View Full Version : heat pipes and water cooled pcs...I
01-19-2007, 04:00 PM
are they worth it?
i see some motherboards now come with heatpipes.
and that cpu, video cards and memory can all be water cooled now...
using water means no fans so less noise, but is it better?
is it really water inside or some other liquid... doesnt it evaporate over time? some of it looks like its neon... i guess it'll be cool if your case has a cut out window to see the light show.
This (http://www.xoxide.com/water-cooling.html) might interest you, although it kind of reads like a high school science project.
01-20-2007, 09:08 AM
I'm not really convinced of their value as a computer cooling system. It isn't hard to quiet a computer with air cooling for less work and less risk than liquid cooling. I have a quad CPU computer next to me and it's close enough to silent for me that I have to put my head within a foot of the system to hear the fans. The loudest part is actually the hard drives, and those are very quiet. I say that because liquid cooling can't do anything for hard drive noise.
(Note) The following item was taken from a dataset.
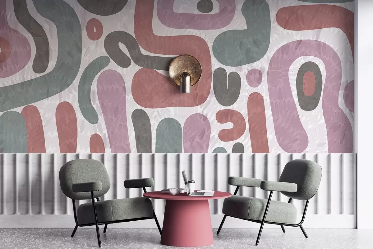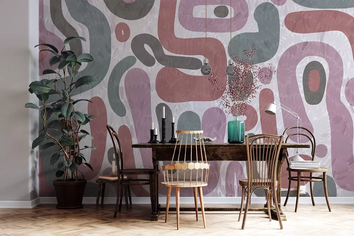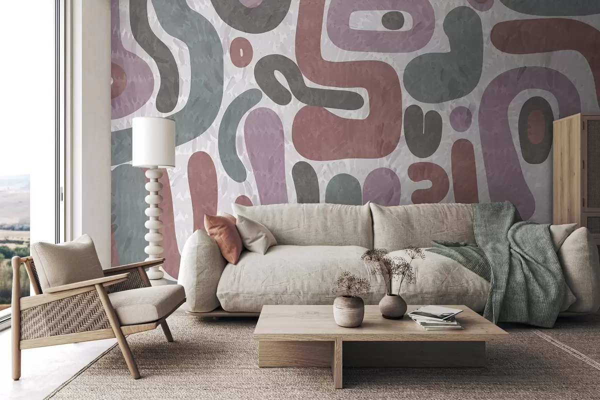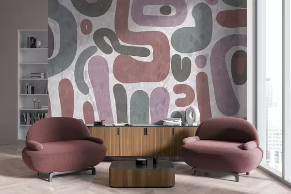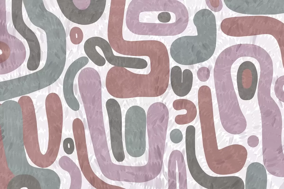 Fototapeten Abstrakte, strukturierte Formen in gedeckten Rosa-, Grün- und Grautönen auf strukturiertem Hintergrund – moderne Kunst N° w09622

And you still often need a fan to cool the radiator, so water cooling is mostly about relocating the fans.
The best step is to dump the stock cooling system on a graphics card and replace it with an aftermarket one. I've seen decent ones go for $20-$30 USD, price varies by region. The stock graphics fan is usually the worst in a computer anyway.
If you truly needed dead silent, you'd get the funky heat-pipe type Zalman case, which the entire case is tightly sealed and the case itself is a heat sink. It's rare to need that type of case, which is fine because it's expensive.
Water cooling is still considered exotic and it's not really worth pursuing unless you really want a high-end system that's super quiet, but motherboards and coolers with heatpipes are very common now. In fact I wouldn't trust a motherboards that isn't passively cooled. The idea behind the heatpipes is that it can shed above average heat generated by overclocking, but the design usually expects the builder of the system to put an appropriate amount of active cooling in the case in the form of intake and exhaust case fans. The heatpipes aren't much help if there is nothing to carry the heat away afterall.
01-21-2007, 09:17 PM
I'm not really convinced of their value as a computer cooling system. It isn't hard to quiet a computer with air cooling for less work and less risk than liquid cooling...
It depends how far you're going to push the machine. For most intents and purposes, I'll agree that liquid cooling is pretty much about geek cool. But for bleeding-edge SOTA builds, it makes sense. I've heard anecdotal accounts of people overclocking C2D processors up to 4-8Ghz with liquid cooling. But that's very much the exception rather than the rule.